EXERCISE:
Since the records include pictures, leave those out while you reproduce exactly and only the lines from the one containing "Olie-fri, farvet creme." through the one containing "種植體驗活動前,為了讓學(x", inclusive.

Stored items from a collection:
━━━━━━━━━━

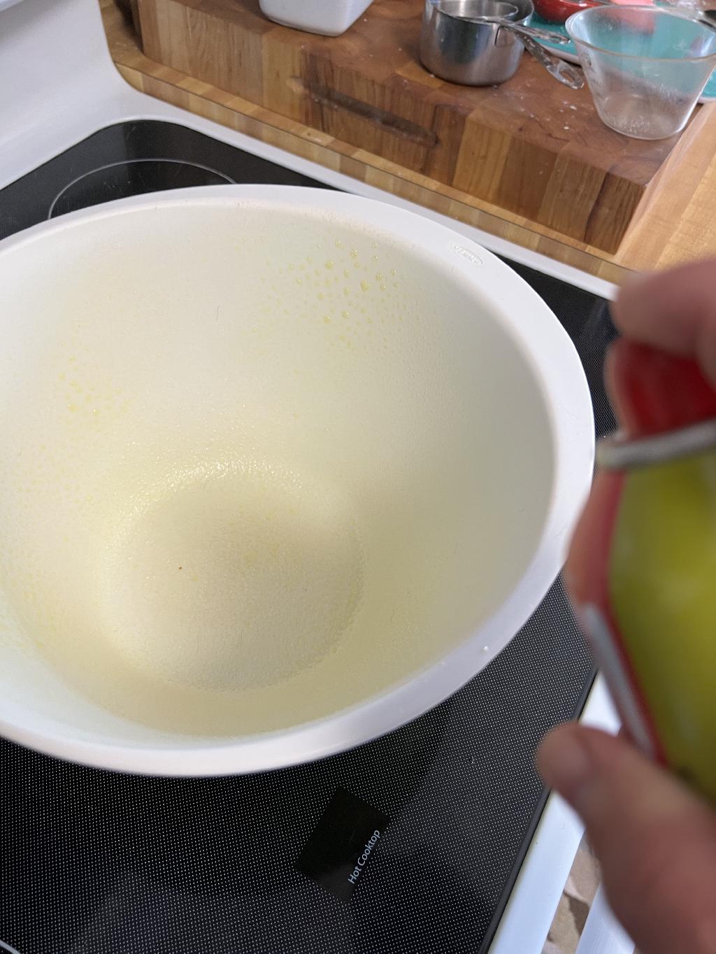 Step #1 Pour 1 1/2 cup of heavy cream into measuring cup and leave out so it can reach room temperature. In a small sauce pan on medium heat, add butter. Allow butter to melt, then add flour, using a whisk to combine.
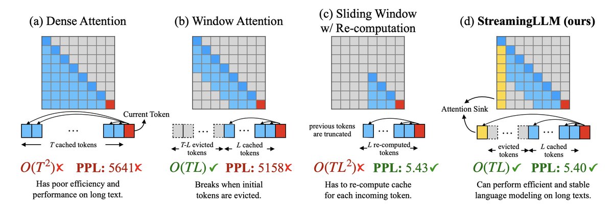 - Much more efficient than alternatives like sliding window with recomputation. StreamingLLM provides up to 22x speedup per token decoding.
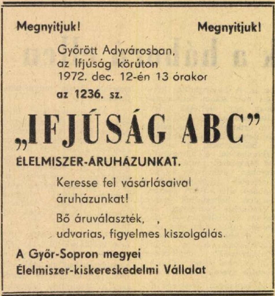 1972. december 12-én nyílt meg Adyvárosban az Ifjúság körúton az 1236. számú Ifjúság ABC.
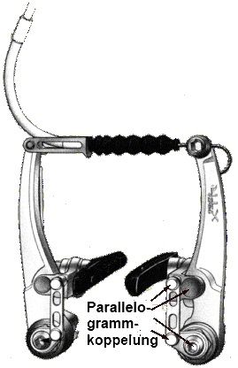 Shimano XTR Bremse. Die beiden Bremsarme stehen hier senkrecht nach oben. Unten sind sie auf den Cantisockel geschraubt und oben über den Querzug miteinander verbunden.
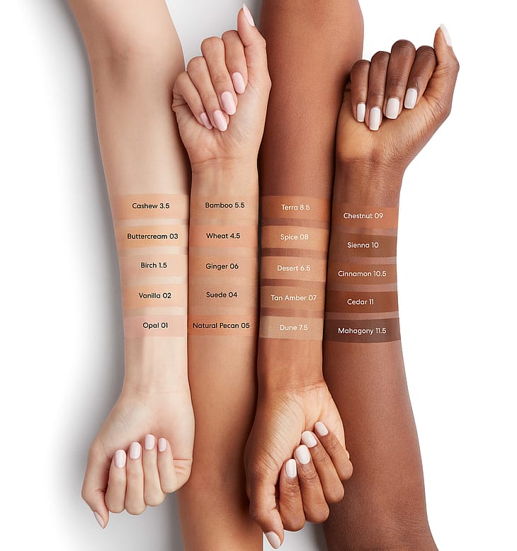 Olie-fri, farvet creme. Minimerer porer og giver mat finish.
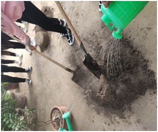 種植體驗活動前,為了讓學(xué)生更好地了解種植知識,張老師給同學(xué)們講解了植物種植的條件、如何根據(jù)季節(jié)選擇種植的種類,以及育苗、澆水、施肥、防蟲過程中的注意事項。在活動中,學(xué)生與老師合作完成種菜任務(wù),一起探討種植經(jīng)驗、勞動技能。
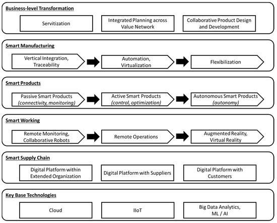In addition, real-time integration of intra-firm and inter-firm operations leads to the virtual removal of firm boundaries, resulting in end-to-end digital integration in the extended value chain [9]. As a result, I4.0 delivers greater flexibility and robustness to firm competitiveness and enables a firm to build flexible and adaptable business structures. This, in turn, provides a firm with the capability for internal evolutionary developments in order to cope with the changing business environment [5]. Thus, I4.0 represents an “evolution” in factory operations and a potential “revolution” in the manufacturers’ value proposition. However, as of 2020, most manufacturers have failed to seize the revolutionary opportunities of I4.0 [10]. The main obstacles toward the I4.0 transformation are the cost of the implementation process, employees’ attitudes, and a lack of expertise [11].
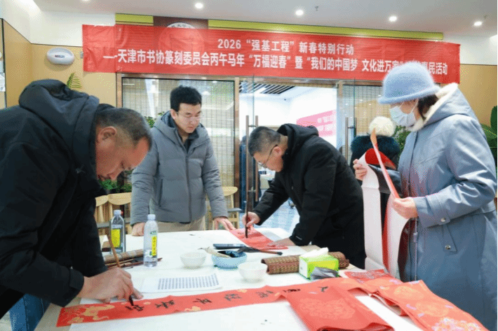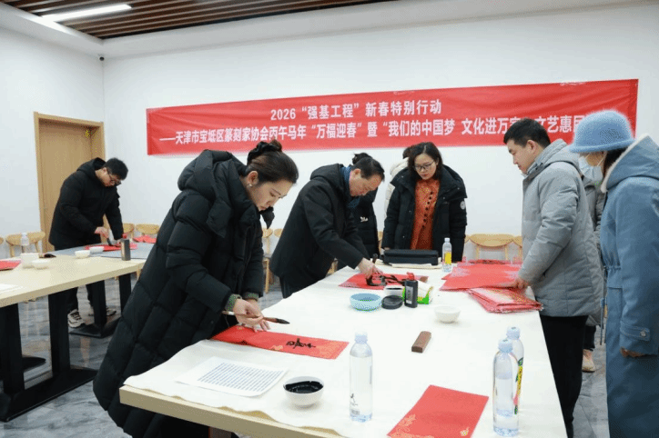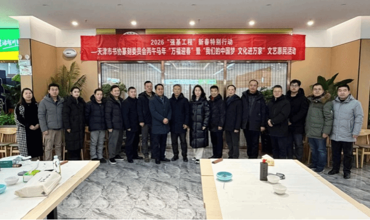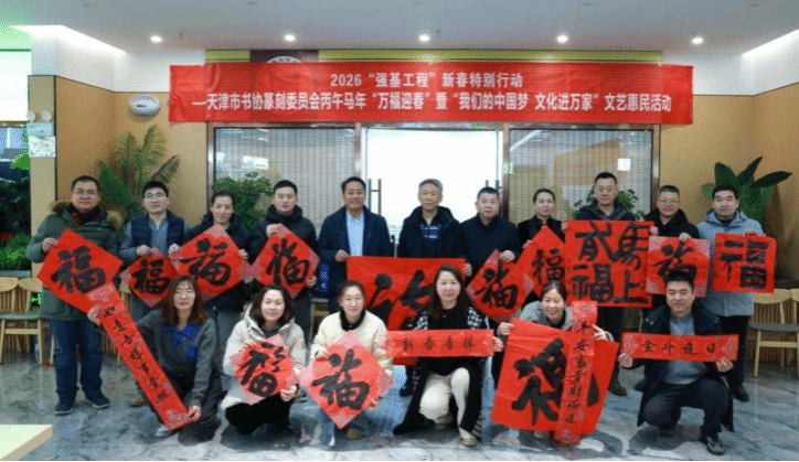 为深入贯彻落实“强基工程”与“我们的中国梦·文化进万家”号召,推动中华优秀传统文化扎根基层、滋养校园,2026年1月19日上午9:30,由天津市书法家协会篆刻委员会主办的新春特别行动“万福迎春”文艺惠民活动在英国beat365官方网站隆重举行。天津市书法家协会副主席、篆刻委员会主任李绍晨带领来自天津市书协篆刻委员会、宝坻区书协及篆刻家协会的12位知名书法家走进校园,以笔墨传递祝福,以艺术温暖人心。学院副院长张永锋、副院长兼财务总监王俊敏、党委副书记郭雅娟以及天津学院师生等参加活动。
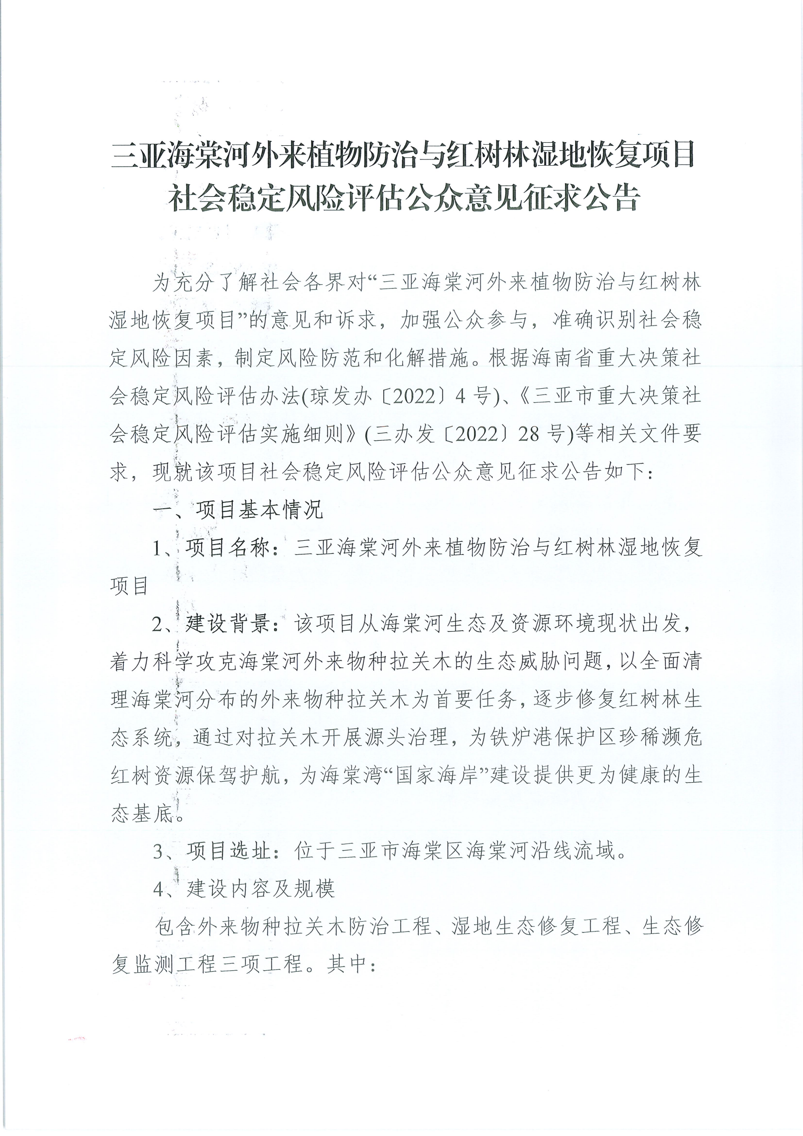 海棠河外來(lái)植物防治與紅樹(shù)林濕地恢復項目公眾意見(jiàn)征求公示公告
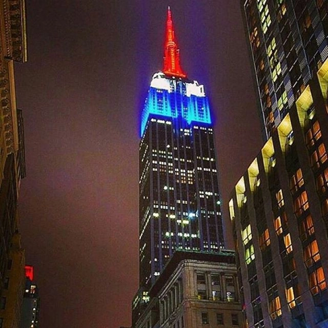 Подсветку сменили на сине-бело-красную, например, в Сити-Холл Сан-Франциско. Приобрело такой окрас и здание Сиднейской оперы, а также башня «Восточная жемчужина» в Шанхае и расположенная в Торонто самая высокая в мире телебашня. Шпиль построенного на месте разрушенных в 2001 году башен-близнецов на Манхэттэне здания Всемирного торгового центра 1 в Нью-Йорке и верхние этажи Эмпайр Стейт Билдинг также окрасились французским триколором. В те же тона облачились строение сената Мексики и статуя Христа-Искупителя в Рио-де-Жанейро.
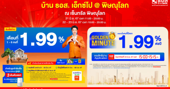 ธอส. เอ็กซ์โป @พิษณุโลก จัดเงินกู้ เงินฝาก ดอกเบี้ยพิเศษสุด วันที่ 21-23 มิ.ย.นี้ เอาใจชาวภาคเหนือตอนล่าง
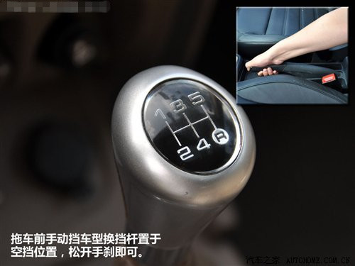 拖手动挡车:手动挡车型没有限制,只要保证变速杆位于空挡位置,松开手刹就可以了。但是时速也不用过快。
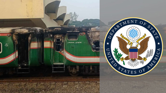 রাজধানীর তেজগাঁওয়ে মোহনগঞ্জ এক্সপ্রেস ট্রেনে আগুনের ঘটনায় চারজনের মৃত্যু হয়। এই বিষয়টিকে মার্কিন পররাষ্ট্র দপ্তরের নজরে আনতে প্রশ্ন করা করা হয় দপ্তরের মুখপাত্র ম্যাথু মিলারের কাছে।

━━━━━━━━━━

RESULT OF THE EXERCISE:
 Olie-fri, farvet creme. Minimerer porer og giver mat finish.
 種植體驗活動前,為了讓學(xué)生更好地了解種植知識,張老師給同學(xué)們講解了植物種植的條件、如何根據(jù)季節(jié)選擇種植的種類,以及育苗、澆水、施肥、防蟲過程中的注意事項。在活動中,學(xué)生與老師合作完成種菜任務(wù),一起探討種植經(jīng)驗、勞動技能。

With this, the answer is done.